There are many psychological benefits associated with regular participation in exercise. These benefits are equally applicable to a diabetic patient because the burden of diabetes can have a detrimental effect on psychological well being.

The frequency, intensity and mode of exercise appropriate to the patient will largely depend on individual capabilities and requirements.

Patients with type 2 diabetes should seek exercise every second or third day to maintain improvements in glycemic control.

Because type 1 diabetics are likely to need to adjust their insulin usage around exercise and physical activity. It may be more appropriate to exercise daily and maintain a structured routine whereby insulin is taken at the same time each day. This will help to improve the management of the condition.

To avoid hypoglycemia one should inject insulin in the sites, away from the muscles, they will be using most during exercise. Additionally, insulin injection sites should be rotated regularly, whether exercising or not.

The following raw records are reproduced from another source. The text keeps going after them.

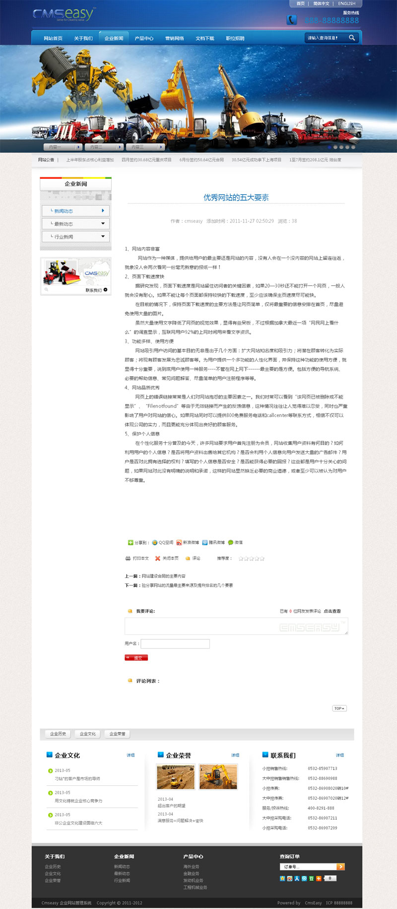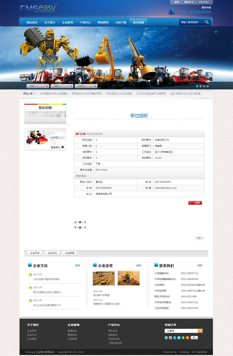 蓝色机械建工网站模板
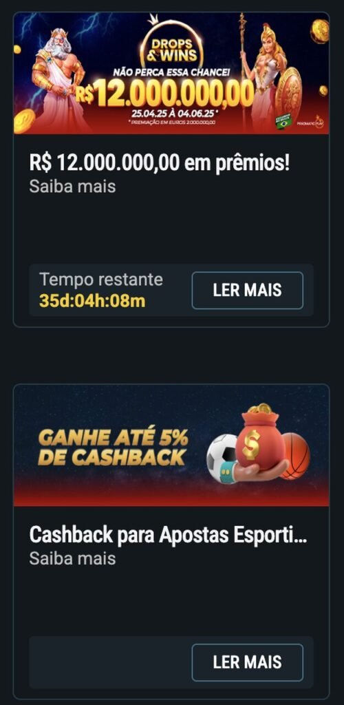 Entre os melhores destaques, vale a pena utilizar a aposta sem risco na primeira fezinha e na primeira aposta pelo app. Em ambas as ofertas, o jogador tem um cashback de 100% em caso de red.
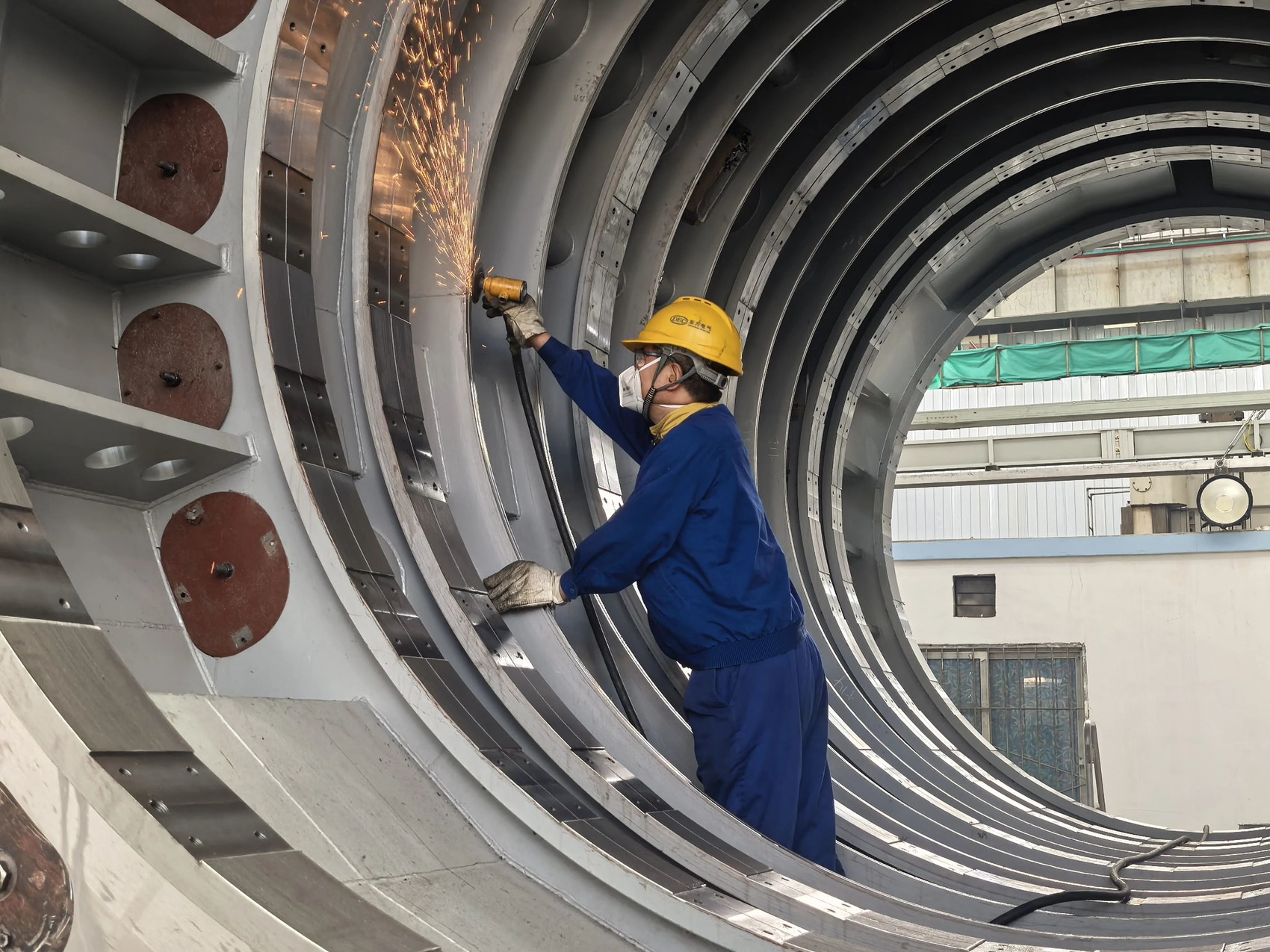 东方电机重金工分厂职工清理定子机座。东方电机供图
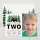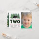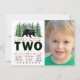 Convites de aniversário de dois anos para meninos com árvores de abeto verdes e urso com foto. Este adorável convite de aniversário de 2 anos do urso da floresta é facilmente personalizado para o seu evento, bastando adicionar seus detalhes e foto.
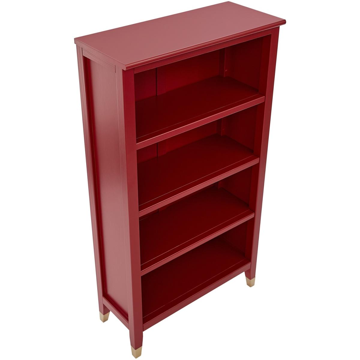 I love this red bookcase for its bold colour punch, which makes it a versatile statement piece. It works really well in contemporary spaces that need a splash of colour or in eclectic interiors where it can serve as a focal point. Practical styling tips include balancing the shelves with a mix of books, small decorative objects, and greenery to keep it looking curated yet functional. Its narrow design makes it ideal for smaller rooms or tight corners, giving you vertical storage without overwhelming the space. I’d suggest pairing it with neutral or muted tones in the rest of the room to let it truly stand out, or style it with other colour pops for a playful effect.
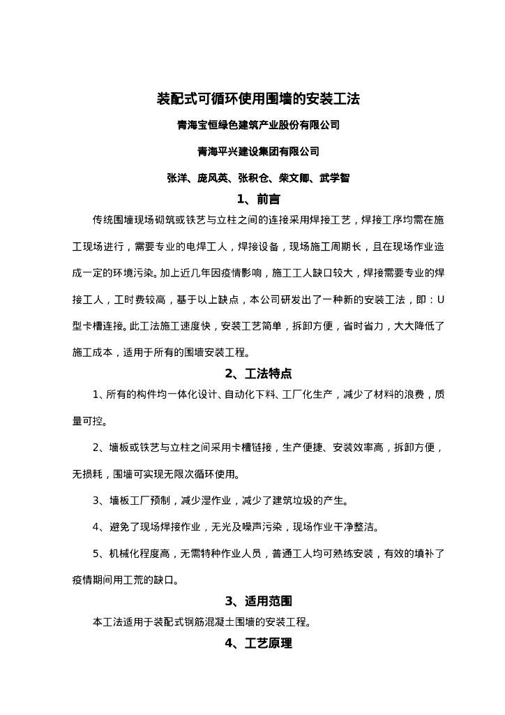 QHGF-2022019 装配式可循环使用围墙的安装工法.doc
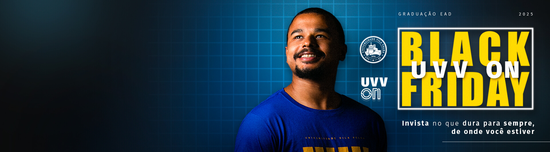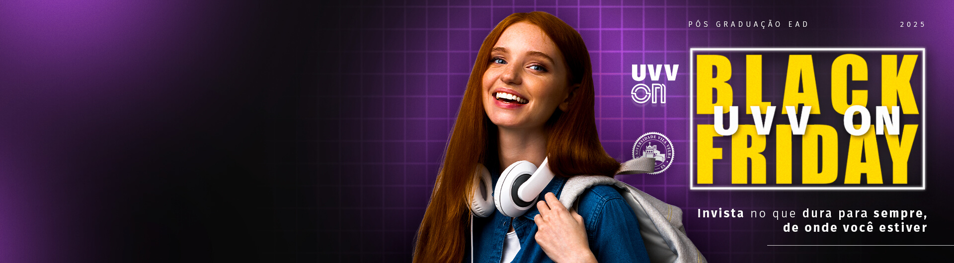 Turbine sua carreira com a Pós-Graduação EAD da UVV ON. Matrículas realizadas durante a semana de Black Friday recebem 70% off no curso inteiro. Oferta válida de 27/11/25 a 05/12/25.
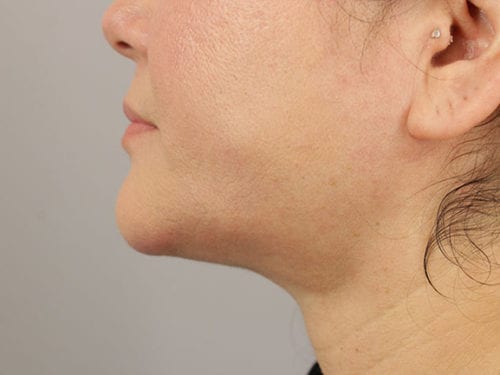 A 55 year old female presented to my office with excess adipose tissue of the neck and cheeks after progressive weight gain in the past 7 years. I performed standard tumescent liposuction to both areas with significant improvement.
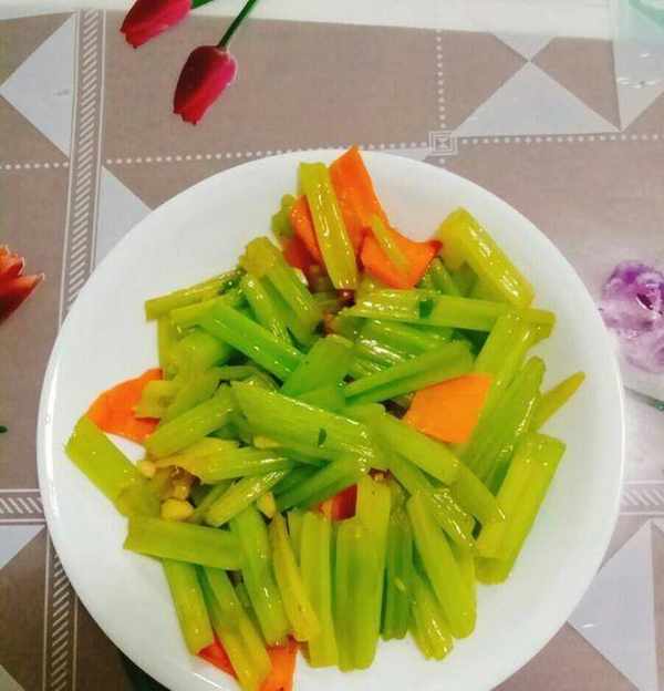 芹菜300克、胡蘿卜1根、蔥1根、大蒜2粒、大豆色拉油15克、精鹽1克、醬油少許
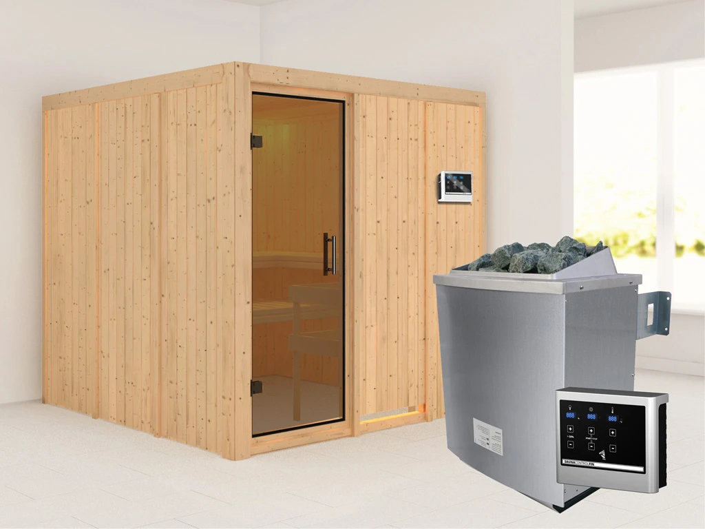 Bei dieser Innensauna ist ein Saunaofen mit einer externen Steuerung inklusive. Das Steuergerät wird außerhalb der Sauna angebracht. Auf diese Weise fängt schon vor dem Saunieren der Komfort an – mit einer bequemen Bedienung von außen und einer noch exakteren Temperatureinstellung. Weitere elektrische Geräte, wie die Kabinenbeleuchtung, können ebenso an die externe Steuerung angeschlossen und bedient werden.
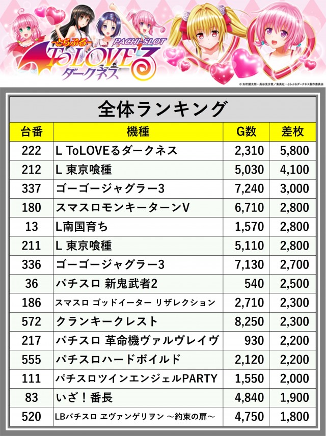 厳選された取材対象機種をはじめ、その他スロット全体から好記録が飛び出した!プレイヤーが楽しんだ1日を下記データにて振り返ってみて欲しい。
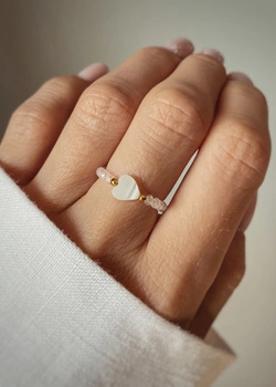 Pierścionek elastyczny kamienie naturalne Kryształ Górski, Masa Perłowa
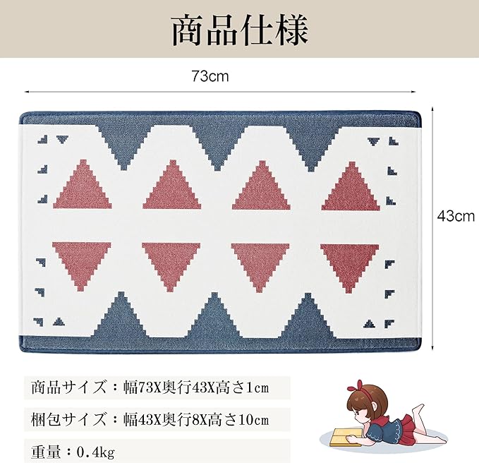 【商品仕様】商品サイズ:幅73X奥行43X高さ1cm;梱包サイズ:幅43X奥行8X高さ10cm;重量:0.4kg。
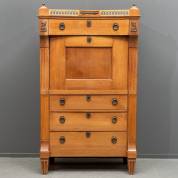 Mahoniegefineerde klepsecretaire met dubbelgebogen onderkast, Hollands, 20e eeuw -defecten-, 105 x 100 x 54 cm
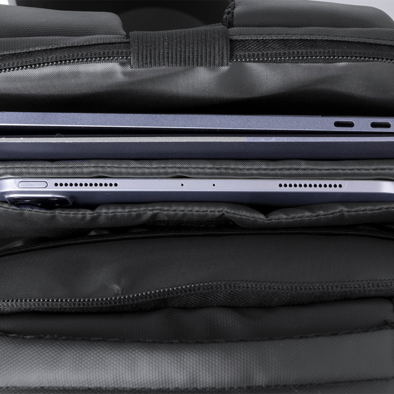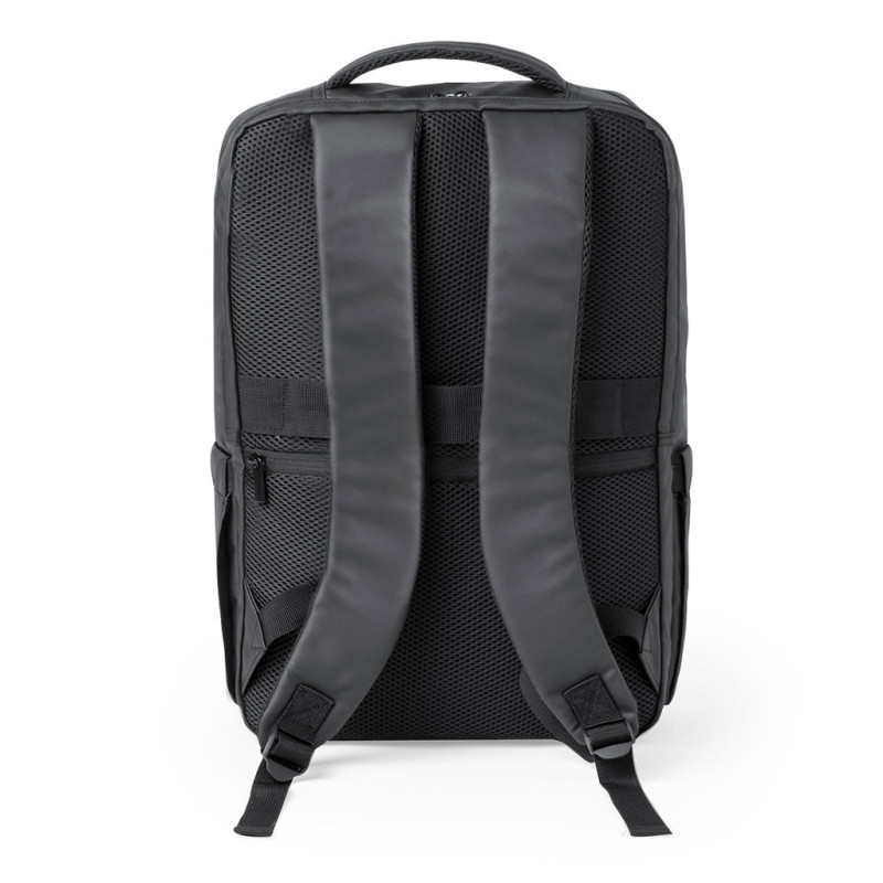 Premium quality Antonio Miró backpack in resistant leatherette with a sober design in black. With double zipper closure, front pocket and reinforced padded handle. With ergonomic padding on the back and shoulder straps, it includes a padded interior compartment for a laptop up to 15 inches and for tablets up to 10 inches. In addition, with an anti-theft pocket with zipper closure on the back. Interior covers for pens and smartphone. With brand logo on the front.

Diabetics that significantly increase their level of lean mass are unlikely to observe a reduction in their exogenous insulin requirements. Because muscle tissue is insulin dependent such patients will require more insulin to supply the new tissues with glucose.

A patient should not exercise if:

  • If they have an active retinal haemorrhage
  • illness or infection is present,
  • blood glucose levels exceeding 13.8 with unary ketones
  • blood glucose levels lower than 4.4. due to the risk of hypoglycemia.

The following caution should be taken:

  • have a source of carbohydrate available during the exercise session that does not contain fat (ie fruit, vegetables, cereal)
  • consume fluids before during and after exercise
  • practice good foot care by wearing proper training shoes and cotton socks. A thorough examination should also be conducted.
  • ensure medical identification with details of the condition is carried.
  • ensure any other medications being prescribed are at hand.
  • ensure all medications have been taken as part of the management or treatment plan for the day.

Obesity

Weight-bearing exercises or those environments involving high impact are likely to add considerable strain to both the skeleton and that increase the risk of osteoarthritis and back pain

Low impact and non-weight bearing exercises might be more suitable in the early stages of exercise programming.
Once a base level of strength has been established and when body weight reduces, high impact activities can then be incorporated

Emphasis on fat burning during exercise is not as important as total energy expenditure. Often, too much emphasis is placed on keeping in the fat burning zone. The ACSM recommends between 1250 to 2000 calories per week or 200 to 300 minutes per week of physical exercise.

Exercises in a prone or supine position should be avoided due to the adverse effects on blood pressure and should be performed in a seated or standing position instead.

As Nutrition Advisors, we may also monitor Nutritional intake.